BEGIN Dataset excerpts

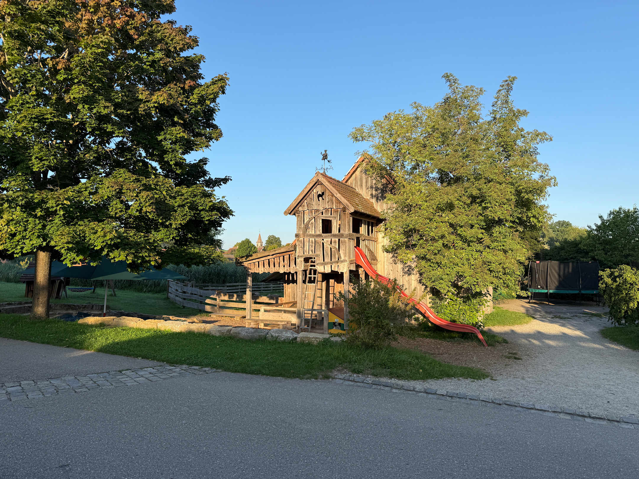 Hasenstall, Heuboden, Trampolin und Fahrzeug-Garage
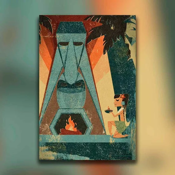 Kahiki Tiki Mystery Girl Vintage Style Art Print | Etsy
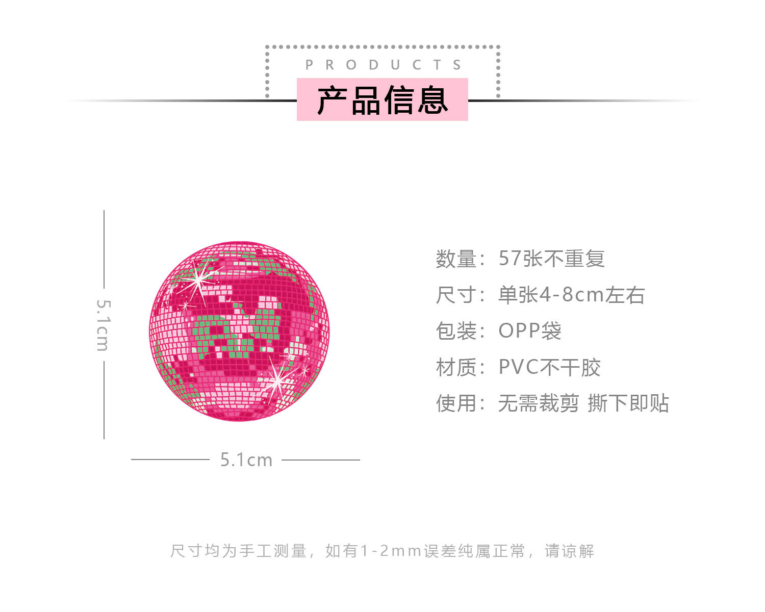 55 새로운 디스코 볼 낙서 스티커 장식 수하물 휴대 전화 만화 성격 스티커 제조 업체 도매
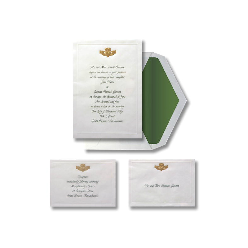 Gold Irish Claddagh at top of invitation
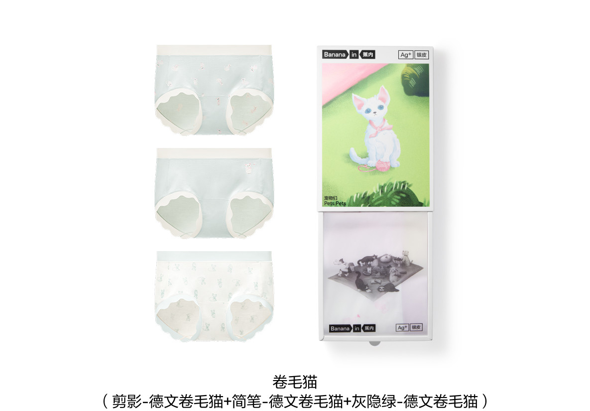 3 Pieces | Bananain Silver Leather 301C Women's Underwear Cute Print Modal Girls' Pure Cotton Breathable Crotch Briefs
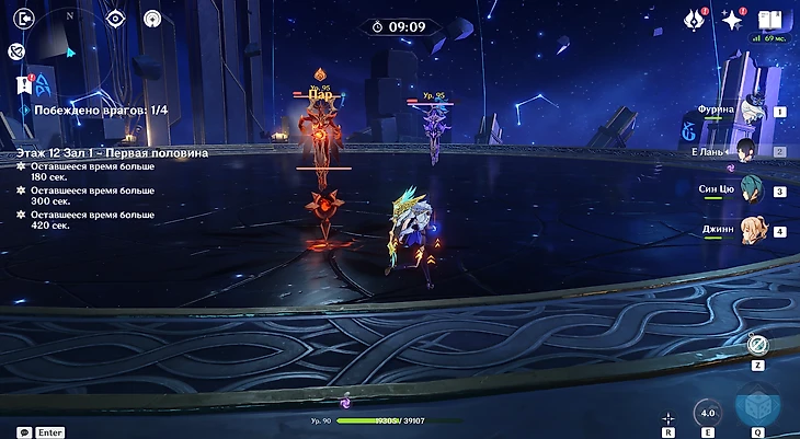 Для 9 звезд нужно закрыть этаж за 420 секунд. Команды можно менять для каждого зала – после успеха возвращайтесь в лобби, лучший результат сохранится.

END Dataset excerpts

» What you should do:
Only the lines from the line containing "3 Pieces | Bananain" through the last line of the entries above should be reproduced, word for word and without pictures.

» Task solution:
 3 Pieces | Bananain Silver Leather 301C Women's Underwear Cute Print Modal Girls' Pure Cotton Breathable Crotch Briefs
 Для 9 звезд нужно закрыть этаж за 420 секунд. Команды можно менять для каждого зала – после успеха возвращайтесь в лобби, лучший результат сохранится.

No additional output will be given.